Method	Modality	Top-1 Acc	Top-5 Acc	GFLOPs
TimeSformer	RGB	91.65%	99.07%	393.96
SlowFast	RGB	87.54%	98.23%	65.70
ST-GCN	Skeleton	86.22%	97.81%	43.76
CTR-GCN	Skeleton	89.38%	98.06%	6.73
MGR-only	Skeleton	89.54%	98.27%	~2
GaussMedAct	Skeleton	92.12%	99.13%	4.45

Cross-Dataset Evaluation (Coach Dataset, 14 Classes)¶

Method	Modality	Top-1 Acc
TSN-pretrained	RGB	90.67%
STGCN-best	Skeleton	92.46%
PoseC3D	Skeleton	92.08%
GaussMedAct	Skeleton	95.24%

Ablation Study¶

Configuration	Top-1 Acc	GFLOPs	Notes
MGR only	89.54%	~2	Gaussian representation alone surpasses all skeleton baselines
HSE only	87.21%	~3	Spatial encoding alone
Full (MGR + HSE)	92.12%	4.45	Synergistic gain of +2.58%

Key Findings¶

Skeleton-based methods require on average 6.13× fewer FLOPs than RGB methods; GaussMedAct surpasses all RGB methods with only 4.45 GFLOPs.
MGR alone is highly competitive (89.54%), validating the effectiveness of Gaussian distribution modeling for motion trajectories.
Cross-dataset generalization improves by +2.78% (95.24% vs. 92.46%), demonstrating representational robustness.
Deployment in real CPR training scenarios yielded a 32% improvement in trainee practical assessment scores.

Highlights & Insights¶

Cross-domain transfer from 3D Gaussian Splatting to action recognition: The conceptual transfer from representing dense point clouds with Gaussian primitives to representing motion trajectories is both elegant and effective.
Extremely compact 10-dimensional action token: mean (3) + scale (3) + quaternion (4) = 10 dimensions, compressing variable-length temporal sequences into a fixed-size representation with high computational efficiency.
Dataset contribution: The hierarchical error annotations and association rule analysis in CPREval-6k reveal CPR error propagation chains, offering independent research value.

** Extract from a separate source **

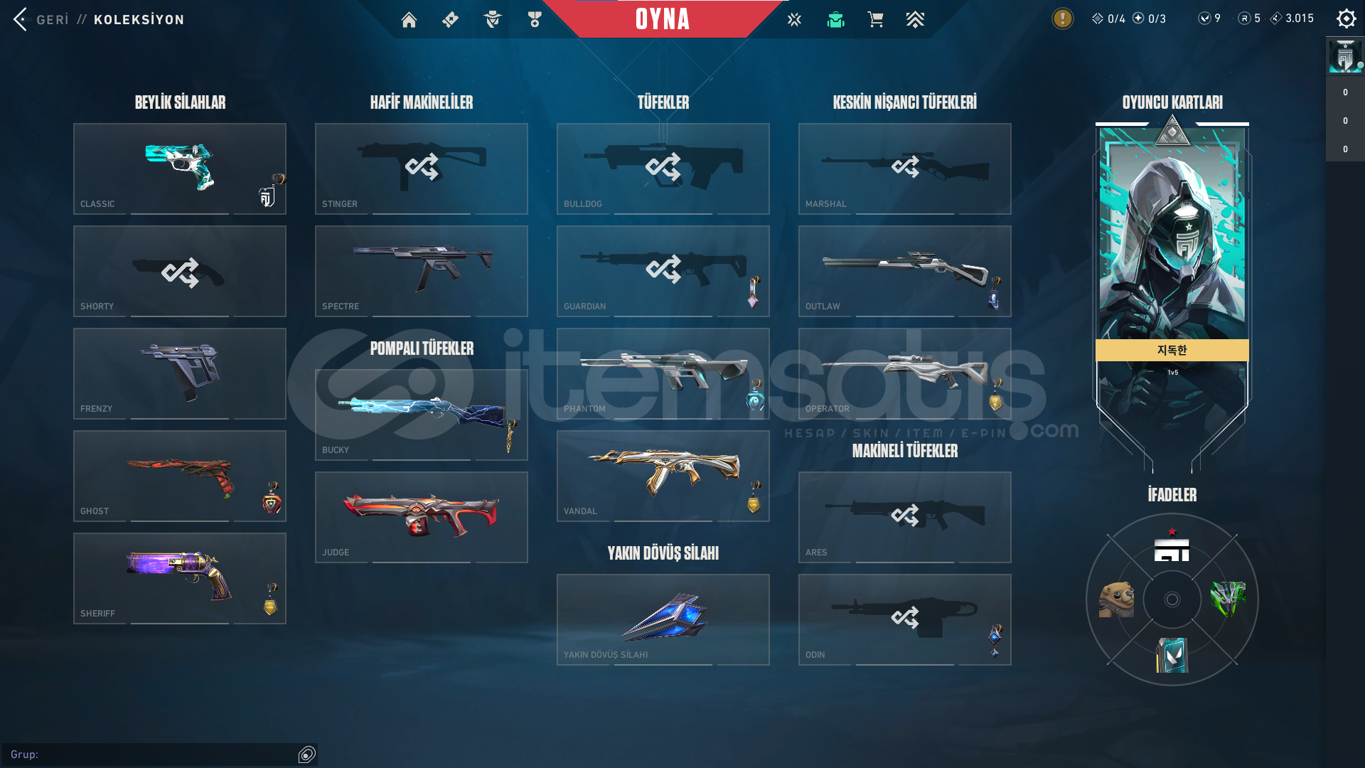22 SKİNLİ DERECESİZ VALORANT HESABI BAN YOKTÜM AJANLAR AÇIK 153LEVEL6 TANE SAVAŞ BİLETİ FUT CLASSİC ŞİMŞEK FRENZYGAİA GHOST SERİ TETİK SHERİFF KURONAMİ SHERİFFİYON SHERİFFŞİMŞEK SPECTREFLAŞ BUCKŞİMŞEK PHANTOMASİL PHANTOMSIRÇİÇEĞİ PHANTOMŞİMŞEK OUTLAWRGX OUTLAWYİTİK VANDALCYRAX V...

Limitations & Future Work¶

The number of Gaussian components \(K\) is a hyperparameter; different actions may require different values of \(K\).
The EM algorithm is non-differentiable, precluding end-to-end training of MGR parameters.
Validation is limited to CPR, a highly repetitive motion; applicability to complex free-form actions remains unverified.
2D skeleton input discards depth information; 3D skeleton combined with MGR could yield further improvements.

vs. ST-GCN: ST-GCN employs graph convolution with temporal convolution at 43.76 GFLOPs; GaussMedAct achieves higher accuracy using only 4.45 GFLOPs via Gaussian mixture modeling and dual-stream encoding.
vs. TimeSformer: Although RGB Transformers capture rich features, they lack anatomical modeling; GaussMedAct's skeleton-based foundation makes it naturally suited for medical action evaluation.

Rating¶

Novelty: ⭐⭐⭐⭐ Gaussian representation for action recognition constitutes a novel cross-domain transfer.
Experimental Thoroughness: ⭐⭐⭐⭐ Covers new dataset, cross-dataset evaluation, ablation study, and real-world deployment.
Writing Quality: ⭐⭐⭐⭐ Motivation is clear, though notation is dense.
Value: ⭐⭐⭐⭐ Both the dataset and method have practical value for medical action evaluation.